How to complete this task
Omitting all images, transcribe the listing word for word.
== Segment start ==
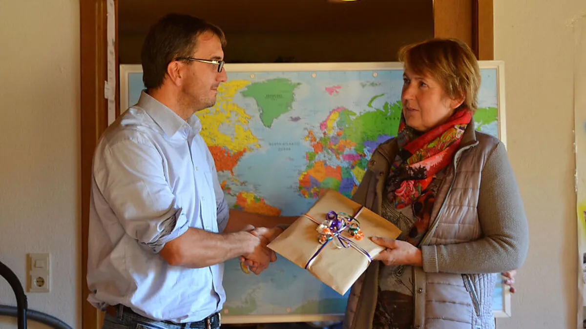 Cilli Wernhart überreichte die Einkaufsgutscheine an Egon Wibmer
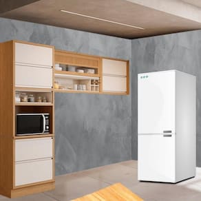 A Cozinha de Madeira Off White da linha Lisboa é uma ótima opção para deixar seu ambiente moderno, organizado e bem aproveitado.
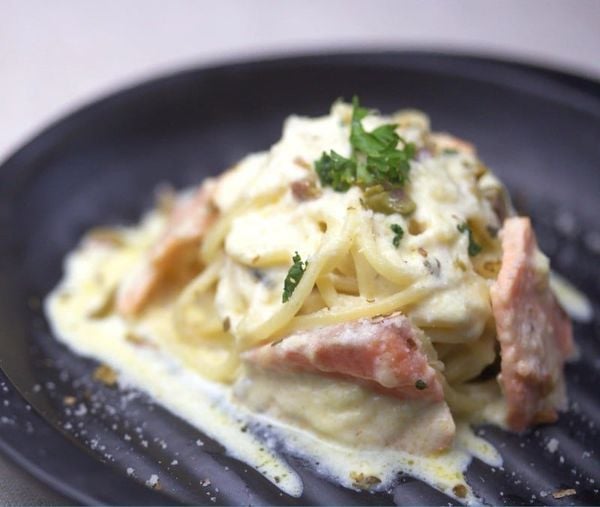 - Khi mì và rau đã chín, vớt ra bát, rưới sốt sữa cá hồi lên trên.
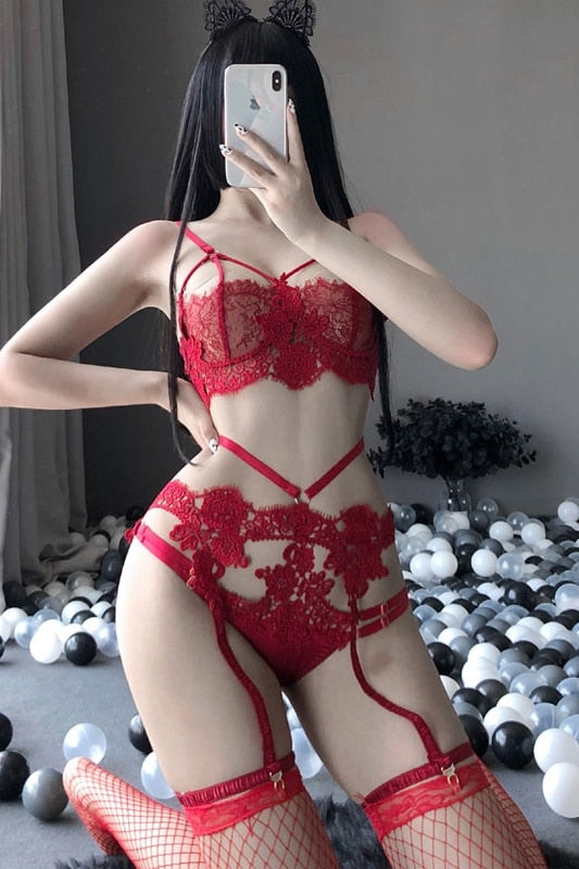 Made of high-quality material, acrylic. Beautiful embroidered V-neck, see-through, supportive underwire, sexy lace design. Adjustable shoulder straps, breathable and comfortable fabric. Hook and eye closure. Perfect for hot nights, everyday lounges, cosplay lingerie, honeymoon, and so on.
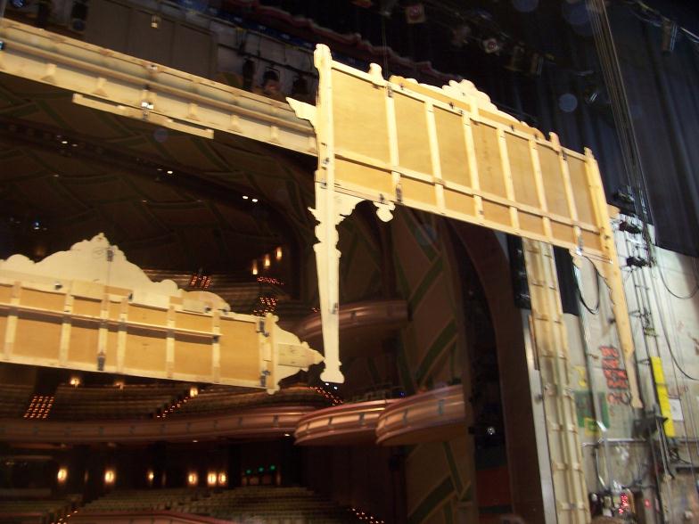 Annie Get Your Gun by Oregon Festival of American Music The flats hanging on the Hult Center stage with a lovely view of the main room behind. You can see the flats construction from the backs well here. |
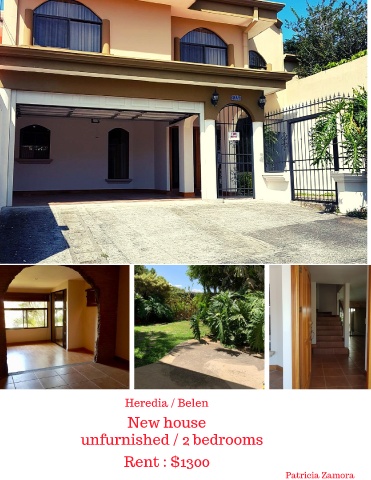 Heredia / Belen New house unfurnished / 2 bedrooms Rent : $1300 Patricia Zamora
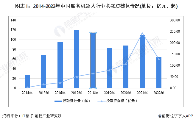 根据IT桔子数据库,2021年我国服务机器人行业融资达到顶峰,发生融资事件共110起,融资金额共242.99亿元。从近几年行业投融资数量与金额来看,虽然投融资数量在2018-2019年发生下降,但行业投融资金额不断攀升,截止2022年9月14日,我国服务机器人行业发生融资事件64起,融资金额为128.99亿元,总的来看,服务机器人行业热度正高,资本市场较活跃。
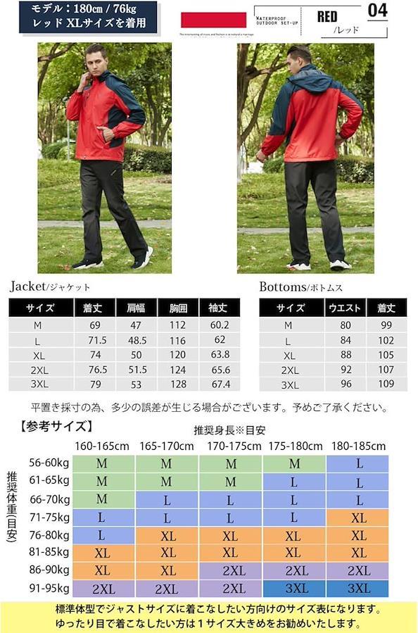「利用シーン」登山、釣り、バイク、アウトドア、キャンプ、サイクリング、スポーツ、防災など 「機能」*ジャケット:撥水加工(耐水圧7,000mm)、防風、防寒 *速乾トレッキングパンツ:撥水加工(耐水圧2,000mm)、防風、速乾、伸縮 「カラー」ブラック、ブラウン、ブルー、ネイビー、グリーン、レッド 「重量」ジャケット約660g、パンツ約350g 「メイン素材」ポリエステル 「サイズ」M~3XL <ジャケット> 着丈 /肩幅/胸囲 /袖丈 [M] : 69 / 47 / 112 / 60.2 [L] : 71.5 / 48.5/ 116 / 62 [XL] :74 / 50 / 120 / 63.8 [2XL] :76.5 / 51.5 / 124 / 65.6 [3XL] :795 / 53 / 128 / 67.4 <パンツ> ウエスト /着丈 [M] : 80 / 99 [L] : 84 / 102 [XL] :88 / 105 [2XL] :92 / 107 [3XL] :96 / 109
== Segment end ==
Reply
 Cilli Wernhart überreichte die Einkaufsgutscheine an Egon Wibmer
 A Cozinha de Madeira Off White da linha Lisboa é uma ótima opção para deixar seu ambiente moderno, organizado e bem aproveitado.
 - Khi mì và rau đã chín, vớt ra bát, rưới sốt sữa cá hồi lên trên.
 Made of high-quality material, acrylic. Beautiful embroidered V-neck, see-through, supportive underwire, sexy lace design. Adjustable shoulder straps, breathable and comfortable fabric. Hook and eye closure. Perfect for hot nights, everyday lounges, cosplay lingerie, honeymoon, and so on.
 Annie Get Your Gun by Oregon Festival of American Music The flats hanging on the Hult Center stage with a lovely view of the main room behind. You can see the flats construction from the backs well here. |
 Heredia / Belen New house unfurnished / 2 bedrooms Rent : $1300 Patricia Zamora
 根据IT桔子数据库,2021年我国服务机器人行业融资达到顶峰,发生融资事件共110起,融资金额共242.99亿元。从近几年行业投融资数量与金额来看,虽然投融资数量在2018-2019年发生下降,但行业投融资金额不断攀升,截止2022年9月14日,我国服务机器人行业发生融资事件64起,融资金额为128.99亿元,总的来看,服务机器人行业热度正高,资本市场较活跃。
「利用シーン」登山、釣り、バイク、アウトドア、キャンプ、サイクリング、スポーツ、防災など 「機能」*ジャケット:撥水加工(耐水圧7,000mm)、防風、防寒 *速乾トレッキングパンツ:撥水加工(耐水圧2,000mm)、防風、速乾、伸縮 「カラー」ブラック、ブラウン、ブルー、ネイビー、グリーン、レッド 「重量」ジャケット約660g、パンツ約350g 「メイン素材」ポリエステル 「サイズ」M~3XL <ジャケット> 着丈 /肩幅/胸囲 /袖丈 [M] : 69 / 47 / 112 / 60.2 [L] : 71.5 / 48.5/ 116 / 62 [XL] :74 / 50 / 120 / 63.8 [2XL] :76.5 / 51.5 / 124 / 65.6 [3XL] :795 / 53 / 128 / 67.4 <パンツ> ウエスト /着丈 [M] : 80 / 99 [L] : 84 / 102 [XL] :88 / 105 [2XL] :92 / 107 [3XL] :96 / 109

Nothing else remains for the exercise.